Question

(1+tan 18°)(1 + tan 27) =​

Answer 1

Answer:

Tan(A+B)=tanA+tanB/1-tanAtanB

tanA+tanB= tan(A+B)*(1-tanAtanB)

tan18+tan27=tan(18+27)*(1-tan18*tan27)

tan18+tan27=tan45*(1-tan18*tan27)

tan18+tan27 =1-tan18*tan27

tan18+tan27+tan18*tan27=1

Answer 2

The value of (1 + tan 18°)(1 + tan 27°) is 2.

Step-by-step explanation:

Given: (1 + tan 18°)(1 + tan 27°)

To Find: Value of the given expression

Solution:

• Finding the value of (1 + tan 18°)(1 + tan 27°) is 2

⇒ (1 + tan 18°)(1 + tan 27°) = 1 + tan 18° + tan 27° + tan 18°tan 27° . . . . . . (1)

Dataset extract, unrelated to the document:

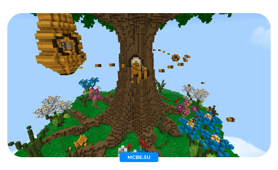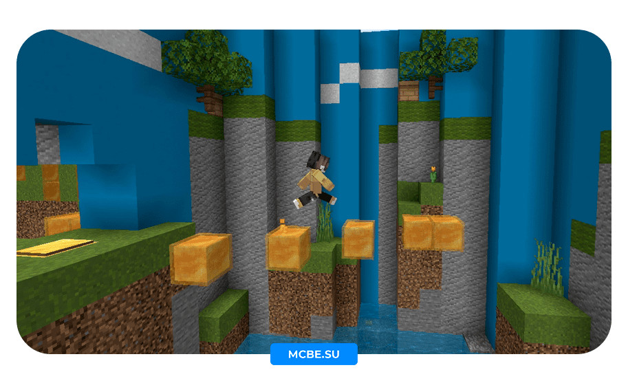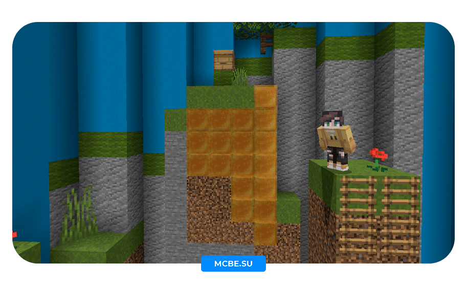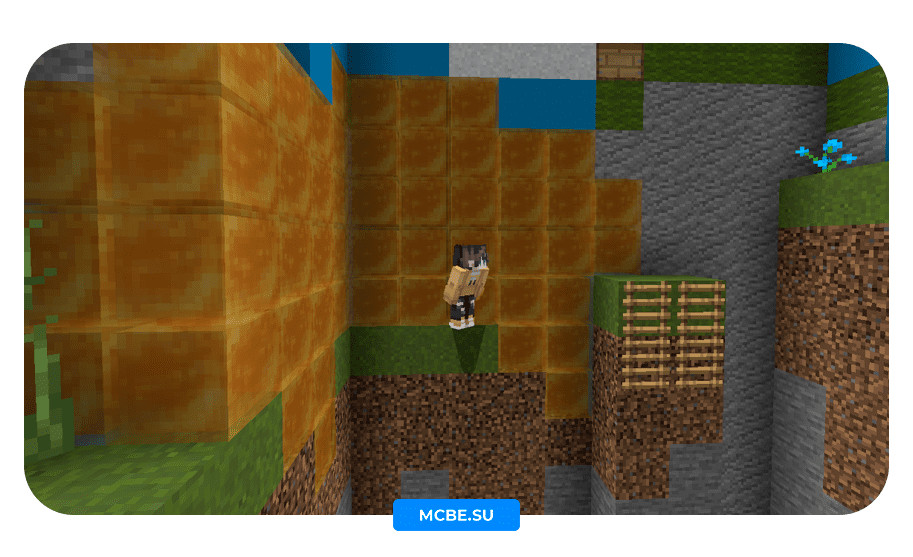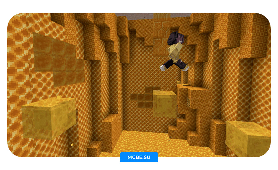 Выша задача дойти до финала карты, проходят паркур по медовым блокам, с помощью новой механики. В Minecraft PE 1.14 появилась возможность цепляться за блоки меда, тем самым медленно скользя по ним.

Now, considering the term (tan 18° + tan 27°) such that using the identity, $tan (A+B) = \dfrac{tanA + tanB}{1-tanAtanB} \\\\\Rightarrow tanA+tanB = tan(A+B) \times (1-tanAtanB)$

we get,

⇒ tan 18° + tan 27° = tan (18° + 27°) × (1-tan 18°tan 27°)

⇒ tan 18° + tan 27° = tan (45°) × (1-tan 18°tan 27°)

⇒ tan 18° + tan 27° = 1 × (1-tan 18°tan 27°)

⇒ tan 18° + tan 27° = (1-tan 18°tan 27°) . . . . . (2)

Substituting (2) in (1), we get,

⇒ (1 + tan 18°)(1 + tan 27°) = 1 + 1 - tan 18°tan 27° + tan 18°tan 27°

⇒ (1 + tan 18°)(1 + tan 27°) = 1 + 1 = 2

Hence, the value of (1 + tan 18°)(1 + tan 27°) is 2.